→ What the task requires
Each record must come back unchanged in your answer, stripped of its images.

→ Data records

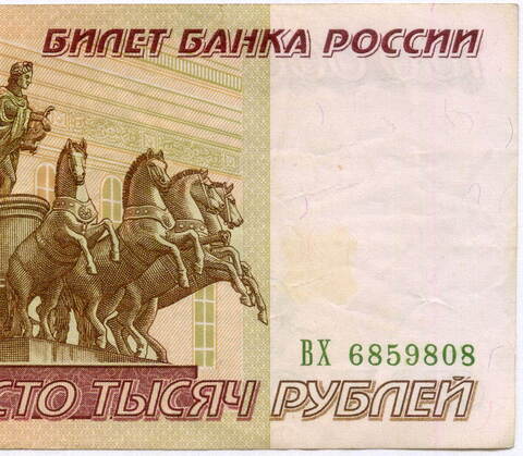 Банкнота 100000 рублей 1995 год ВХ 6859808. VF
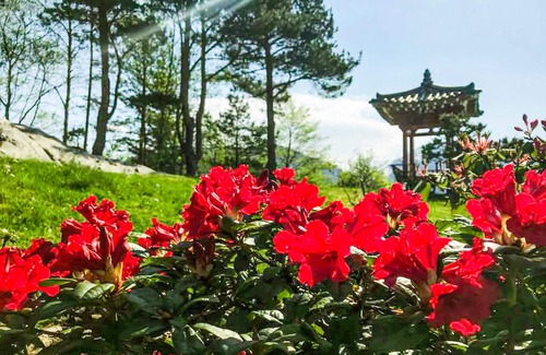 There are beautiful walking trails with great planting right outside the door, as well as a large fish pond and a Korean-style pavilion with spectacular views of the fjord and nearby mountains. A short path leads to the fjord for those who want to try their fishing luck or take a dip.
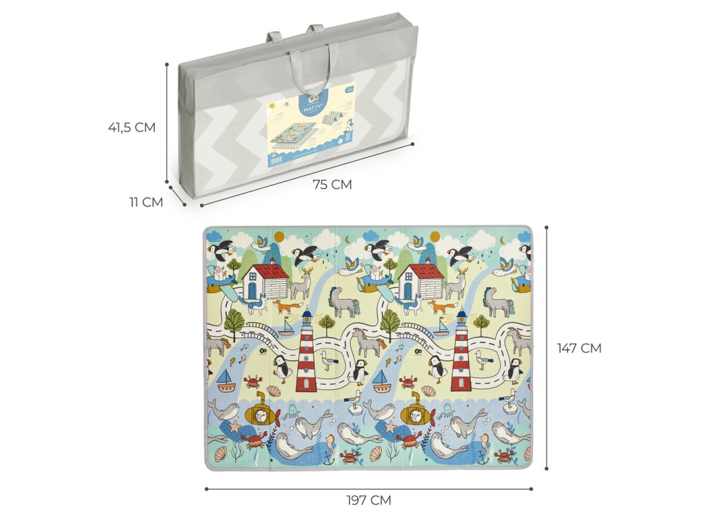 Toto je MATTY 2 – váš spoločný priestor na odpočinok, učenie aj zábavu. Ide o obojstrannú podložku, ktorá má na jednej strane pútavú potlač, umožňujúcu batoľaťu uplatniť svoju predstavivosť - nabáda k hre a rozprávaniu príbehov. Na druhej strane je tlmený geometrický dizajn, ktorý ľahko zapadne do priestoru určeného pre celú rodinu: napr. do obývačky alebo kuchyne.
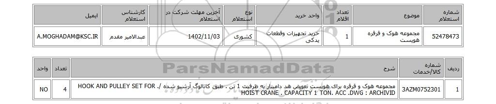 | 52478473 | مجموعه هوک و قرقره هویست | 1 | خرید تجهیزات وقطعات یدکی | کشوری | 1402/11/03 | عبدالامیر مقدم | A.MOGHADAM@KSC.IR |
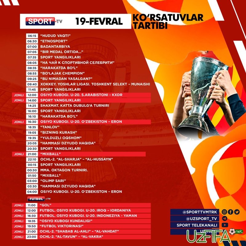 Sport va Futbol telekanallarida 19 fevral kuni 6 ta jonli translyasiyalar bor
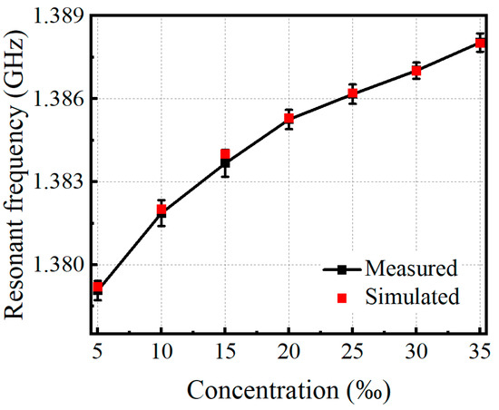 The measured and simulated reflectance spectra of the patch antenna microwave sensor for one of the measurements are plotted in Figure 6a–d with salt concentrations at 5‰, 15‰, 25‰, and 35‰, respectively. The measured resonance frequencies have good agreement with the simulated ones, indicating that the protype can acquire the accurate salt concentration of NaCl solution once it is calibrated by the simulation. When a large number of NaCl solutions are simulated or measured, the relationship between the resonant frequency and salt concentration can be obtained, as shown in Figure 7. The error bars indicate the standard deviation from the averaged amplitude values, and the absolute error of the measurement is less than 0.3%. The error is random and mainly caused by the influence of ambient temperature and operational differences in measurement. From Figure 7, it can also be found that the resonant frequency non-linearly increases with the increase in salt concentration.
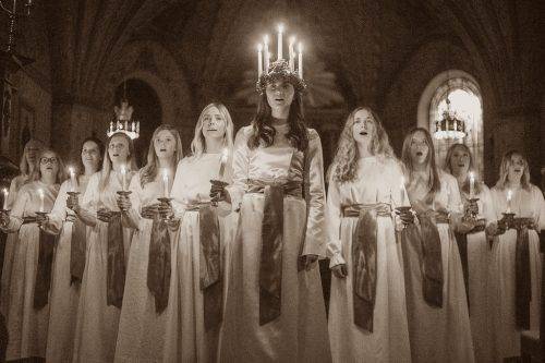 Lucia ser många framför sig en vitklädd flicka med ljuskrona, som med ljudlösa steg på bara fötter skrider fram, åtföljd av tärnor, stjärngossar och möjligen någon tomte, medan Luciasången fyller rummet på ett magiskt sätt. Harmonierna, ljuset, stämningen, allt är förtrollande oskuldsfullt och vackert.
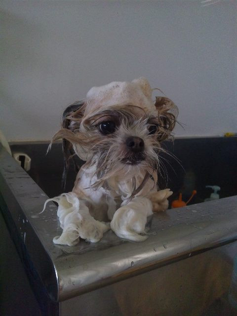 シャンプー中のまりもちゃん
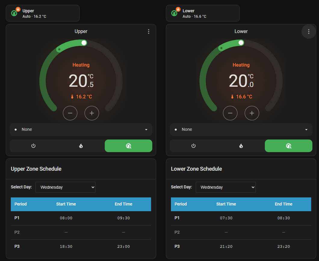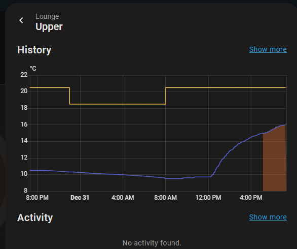 We have been away for a few days and just back so only been able to do a little investigation on the new updates. The system was set to holiday mode on the Ember App and set to come on at 12 today. I can see from the temp chart that heating kicked in and working towards the expected target temp of 20.5 on the upper zone. This is on Mode All Day.

→ Task solution
 Банкнота 100000 рублей 1995 год ВХ 6859808. VF
 There are beautiful walking trails with great planting right outside the door, as well as a large fish pond and a Korean-style pavilion with spectacular views of the fjord and nearby mountains. A short path leads to the fjord for those who want to try their fishing luck or take a dip.
 Toto je MATTY 2 – váš spoločný priestor na odpočinok, učenie aj zábavu. Ide o obojstrannú podložku, ktorá má na jednej strane pútavú potlač, umožňujúcu batoľaťu uplatniť svoju predstavivosť - nabáda k hre a rozprávaniu príbehov. Na druhej strane je tlmený geometrický dizajn, ktorý ľahko zapadne do priestoru určeného pre celú rodinu: napr. do obývačky alebo kuchyne.
 | 52478473 | مجموعه هوک و قرقره هویست | 1 | خرید تجهیزات وقطعات یدکی | کشوری | 1402/11/03 | عبدالامیر مقدم | A.MOGHADAM@KSC.IR |
 Sport va Futbol telekanallarida 19 fevral kuni 6 ta jonli translyasiyalar bor
 The measured and simulated reflectance spectra of the patch antenna microwave sensor for one of the measurements are plotted in Figure 6a–d with salt concentrations at 5‰, 15‰, 25‰, and 35‰, respectively. The measured resonance frequencies have good agreement with the simulated ones, indicating that the protype can acquire the accurate salt concentration of NaCl solution once it is calibrated by the simulation. When a large number of NaCl solutions are simulated or measured, the relationship between the resonant frequency and salt concentration can be obtained, as shown in Figure 7. The error bars indicate the standard deviation from the averaged amplitude values, and the absolute error of the measurement is less than 0.3%. The error is random and mainly caused by the influence of ambient temperature and operational differences in measurement. From Figure 7, it can also be found that the resonant frequency non-linearly increases with the increase in salt concentration.
 Lucia ser många framför sig en vitklädd flicka med ljuskrona, som med ljudlösa steg på bara fötter skrider fram, åtföljd av tärnor, stjärngossar och möjligen någon tomte, medan Luciasången fyller rummet på ett magiskt sätt. Harmonierna, ljuset, stämningen, allt är förtrollande oskuldsfullt och vackert.
 シャンプー中のまりもちゃん
 We have been away for a few days and just back so only been able to do a little investigation on the new updates. The system was set to holiday mode on the Ember App and set to come on at 12 today. I can see from the temp chart that heating kicked in and working towards the expected target temp of 20.5 on the upper zone. This is on Mode All Day.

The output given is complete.